Look through the records below and copy each line that includes the word "Yuliarto".

○ ○ ○

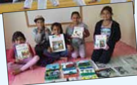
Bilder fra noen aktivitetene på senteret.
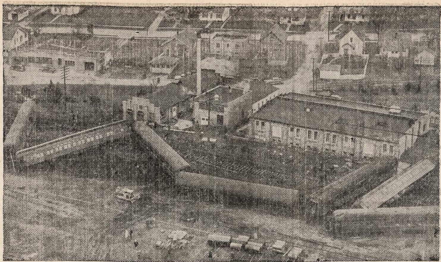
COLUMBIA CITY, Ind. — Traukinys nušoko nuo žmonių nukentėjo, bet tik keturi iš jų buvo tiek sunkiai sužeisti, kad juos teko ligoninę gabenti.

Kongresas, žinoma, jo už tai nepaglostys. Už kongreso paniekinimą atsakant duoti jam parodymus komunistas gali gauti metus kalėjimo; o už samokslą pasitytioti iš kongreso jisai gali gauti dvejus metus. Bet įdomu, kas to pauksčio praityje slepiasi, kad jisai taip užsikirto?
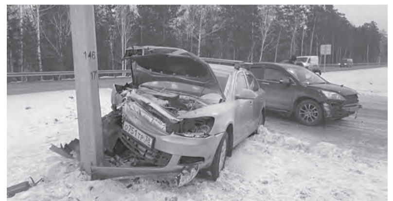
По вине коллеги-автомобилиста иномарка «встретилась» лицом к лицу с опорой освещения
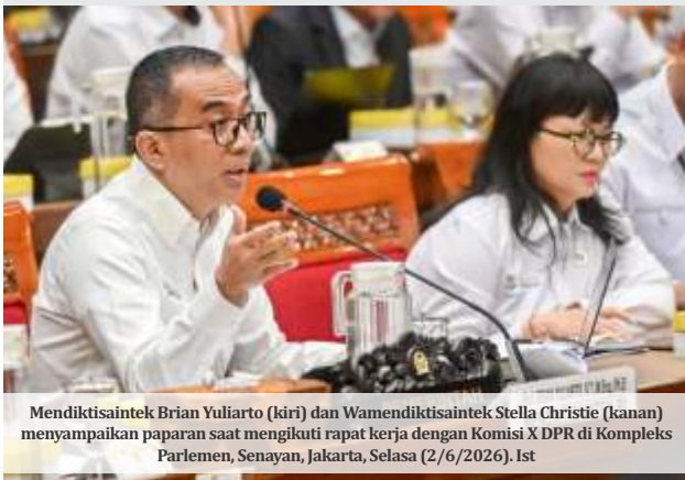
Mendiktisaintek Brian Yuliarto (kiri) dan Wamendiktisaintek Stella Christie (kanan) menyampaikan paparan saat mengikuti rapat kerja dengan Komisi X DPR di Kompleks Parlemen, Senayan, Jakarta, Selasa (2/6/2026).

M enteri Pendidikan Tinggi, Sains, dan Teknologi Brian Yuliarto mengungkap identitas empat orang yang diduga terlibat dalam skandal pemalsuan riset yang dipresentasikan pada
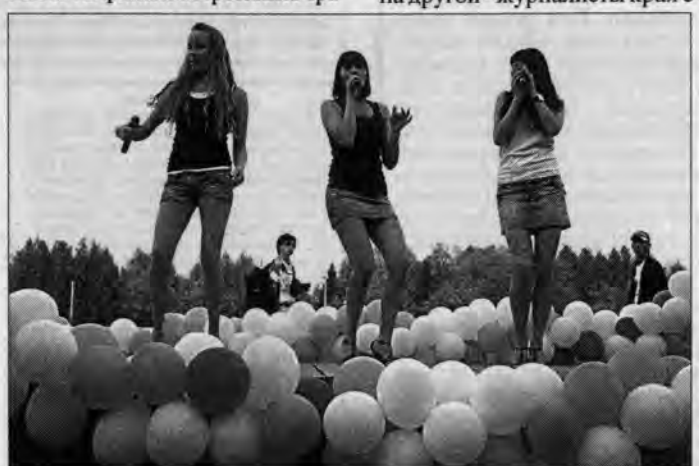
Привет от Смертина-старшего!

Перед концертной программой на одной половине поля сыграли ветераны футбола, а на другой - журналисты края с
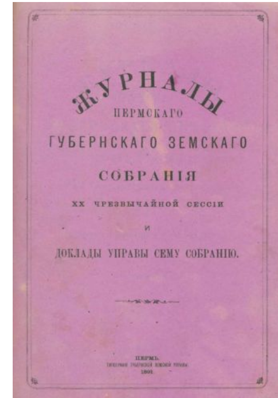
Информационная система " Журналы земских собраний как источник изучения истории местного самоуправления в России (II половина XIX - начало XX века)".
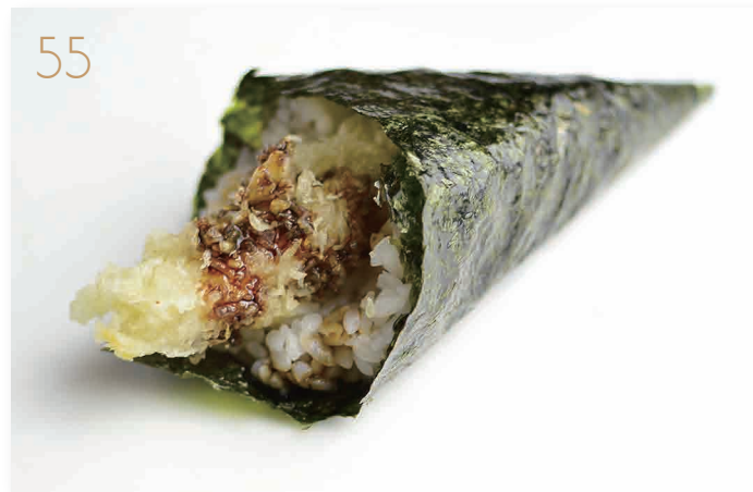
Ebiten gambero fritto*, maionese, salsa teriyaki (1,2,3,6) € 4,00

○ ○ ○

- **TASK RESPONSE**:
Mendiktisaintek Brian Yuliarto (kiri) dan Wamendiktisaintek Stella Christie (kanan) menyampaikan paparan saat mengikuti rapat kerja dengan Komisi X DPR di Kompleks Parlemen, Senayan, Jakarta, Selasa (2/6/2026).
M enteri Pendidikan Tinggi, Sains, dan Teknologi Brian Yuliarto mengungkap identitas empat orang yang diduga terlibat dalam skandal pemalsuan riset yang dipresentasikan pada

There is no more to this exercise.